Lead(II) sulfide dissolves in excess nitric acid according to the equation below. Calculate the volume of $\ce{NO{(g)}}$ at $27 ^\circ \mathrm{C}$ and $1.10\ \mathrm{atm}$ produced from $4.7\ \mathrm{g}$ of $\ce{PbS(s)}$. $$\ce{3PbS{(s)} + 2NO3^{–}{(aq)} + 8H+{(aq)} -> 3Pb2+{(aq)} + 3S{(s)} + 2NO{(g)} + 4H2O{(l)} }$$

a) $0.29\ \mathrm{L}$
b) $0.44\ \mathrm{L}$
c) $0.66\ \mathrm{L}$
d) $30. \ \mathrm{L}$
e) $45 \ \mathrm{L}$

I used the ideal gas formula and converted the mass of $\ce{PbS}$ into number of moles of $\ce{PbS}$ however got the answer b) $0.44\ \mathrm{L}$ which is incorrect. The correct answer is a) however I am unsure about. Why this is?
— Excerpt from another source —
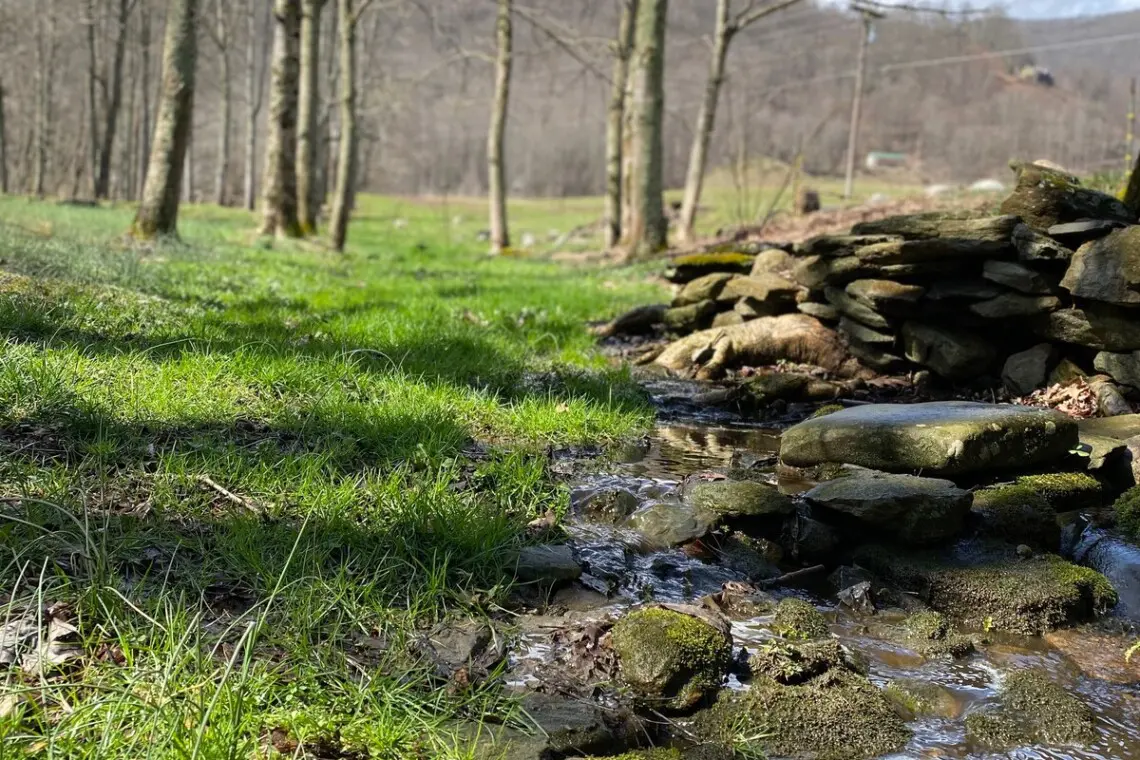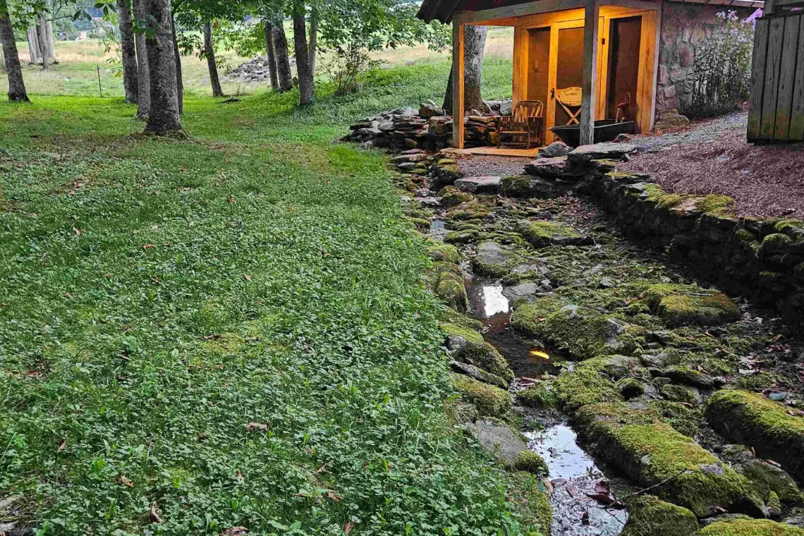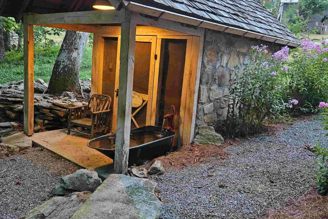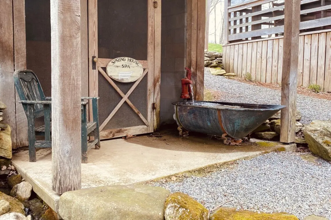 The highlight is the handmade copper bathtub, perfect for a long soak after a day of exploring. The screened-in porch invites you to unwind with the soothing sounds of the stream, or step outside to enjoy the large grassy yard, perfect for lounging, picnicking, or fishing (with an NC license).

• You skipped a step. You got the number of moles of $\ce{PbS}$, that's good. Now you need to find the number of moles of $\ce{NO}$ which result from the reaction, and only then apply the ideal gas law. – Nicolau Saker Neto May 22 '16 at 5:43

The first step is to calculate the number of moles of $\ce{PbS}$:

$$\mathrm{\frac{4.7g\ \ce{PbS}} {239g\ \ce{PbS}\ \ mol^{-1}\ \ce{PbS}} = 0.0197\ mol\ \ce{PbS}}$$

The next step is to calculate how many moles of $\ce{NO}$ will be produced based on the stoichiometry of the reaction. As stated in a comment, it looks like this is the step that was left out of your calculations. Because only 2 mols of $\ce{NO}$ are produced for every 3 mols of $\ce{PbS}$, only $\mathrm{\frac{2}{3}}$ of 0.0197 mol, or 0.0131 mol $\ce{NO}$ will be formed.

At this point we know all of the variables required to invoke the ideal gas law:

$$\mathrm{V = \frac{nRT}{P}}$$

$$\mathrm{V = \frac{0.0131\ mol\ \ce{NO} * 0.0821\ L\ atm\ mol^{-1} K^{-1} * (300K)}{1.10\ atm\ \ce{NO}}}$$

$$\mathrm{V = 0.29\ L\ \ce{NO}}$$

And this gives us the correct answer of a. Again, as your answer was off by a factor of $\mathrm{\frac{2}{3}}$, it is pretty clear that the second step above regarding the stoichiometry of the reaction is the only step that you left out of your calculations.